It’s easier to maneuver in a one-story home than a two- or three-story home. However, if your heart is set on a two- or three story home, consider putting a bedroom and full bath with the kitchen and living room on the first floor and installing an elevator or at least leaving the space for an elevator if needed in the future. Design your home so someone could live on the main floor if needed.

The less maintenance needed on a home the better. In addition to the daily/weekly cleaning required, homes eventually need new flooring, new roofs, new furnishings, new paint, and so on. The bigger your house, the more that can go wrong and the more you have to care for. Make your home large enough to accommodate your family and guests but don’t add rooms you don’t need. Consider alternatives to your home “want list.” As an example, if you want a library in your home an alternative would be a living room with lots of built-in bookshelves.
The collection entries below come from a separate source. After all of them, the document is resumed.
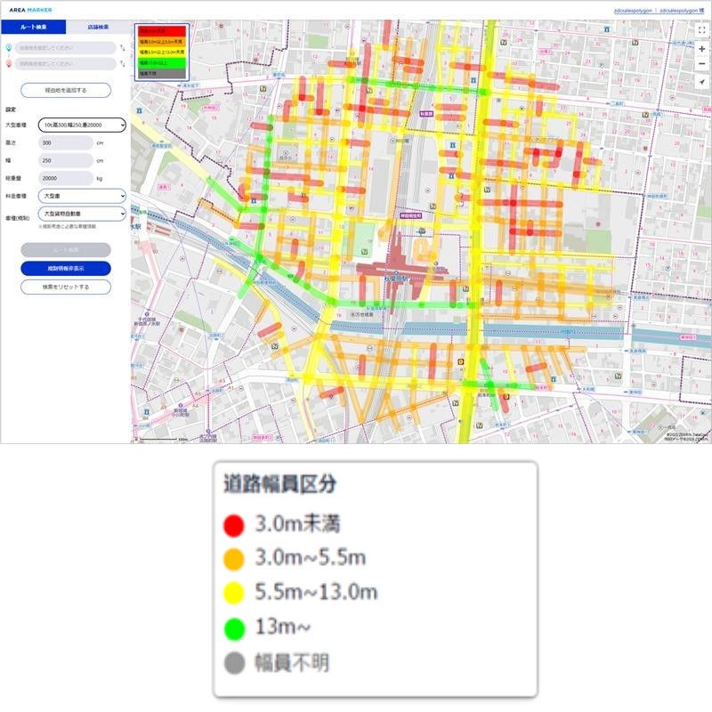 Area Markerは、店舗や拠点の情報を地図上で一元管理できるツールですが、今回、新たに「道路幅可視化機能」と「大型車ルート検索機能」が追加されました。
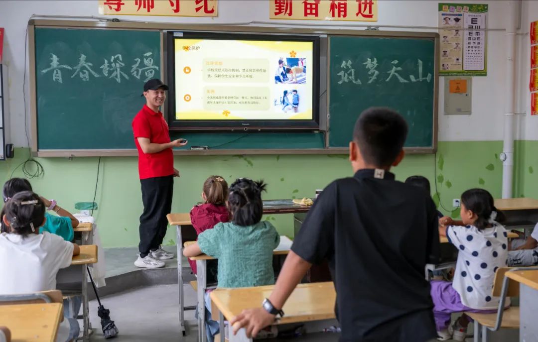 8月4日,英国威廉集团“青春探疆 筑梦天山”社会实践队在新疆伊犁霍城县萨尔布拉克镇齐巴拉噶西村小学,开展第八天“推普助力乡村振兴”暑期社会实践活动。
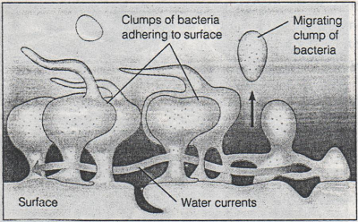 - Dòng nước chuyển động (theo mũi tên từ phải sang trái) giữa các cột nhày được tạo nên do sự sinh trưởng của các vi khuẩn bám trên bề mặt cứng. Điều này cho phép vi khuẩn hấp thụ chất dinh dưỡng và thải bỏ chất thải một cách hiệu quả. Các vi khuẩn riêng lẻ tạo nhầy hoặc các vi khuẩn trong đám nhầy tách khỏi màng sinh học và di chuyển đến nơi khác.
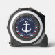 Create a personalized nautical tape measure as a gift for a boat owner. Template makes it easy to type a boat name and year or another text. Navy blue, red and white design feature anchor and hand-drawn stripes.

Even if you design a one-level home, consider not having any stairs in the entryway and on at least one of your patios, porches, or decks. Stairs may be difficult (or even impossible) for someone to climb or descend. Depth perception may be nonexistent, resulting in stairs appearing as a flat surface, therefore not being able to see where one step ends and the next one begins.

Excellent lighting is essential. Brighter lights and lots of recessed and/or ceiling lights are the rule of thumb.

A no-step covered entryway is ideal if someone is in a wheelchair, uses a cane, or is visually impaired. It’s also great for dogs with hip dysplasia. (Many dog owners carry their aging dogs who can no longer go up and down stairs in and out of the house. A no-step entrance would eliminate that problem.) Other recommendations include: lever-style door handles for all interior and exterior doors; entryways and interior doors that are a minimum of 36 inches wide (wheelchairs are typically about 27 inches wide); and 42-inch-wide hallways.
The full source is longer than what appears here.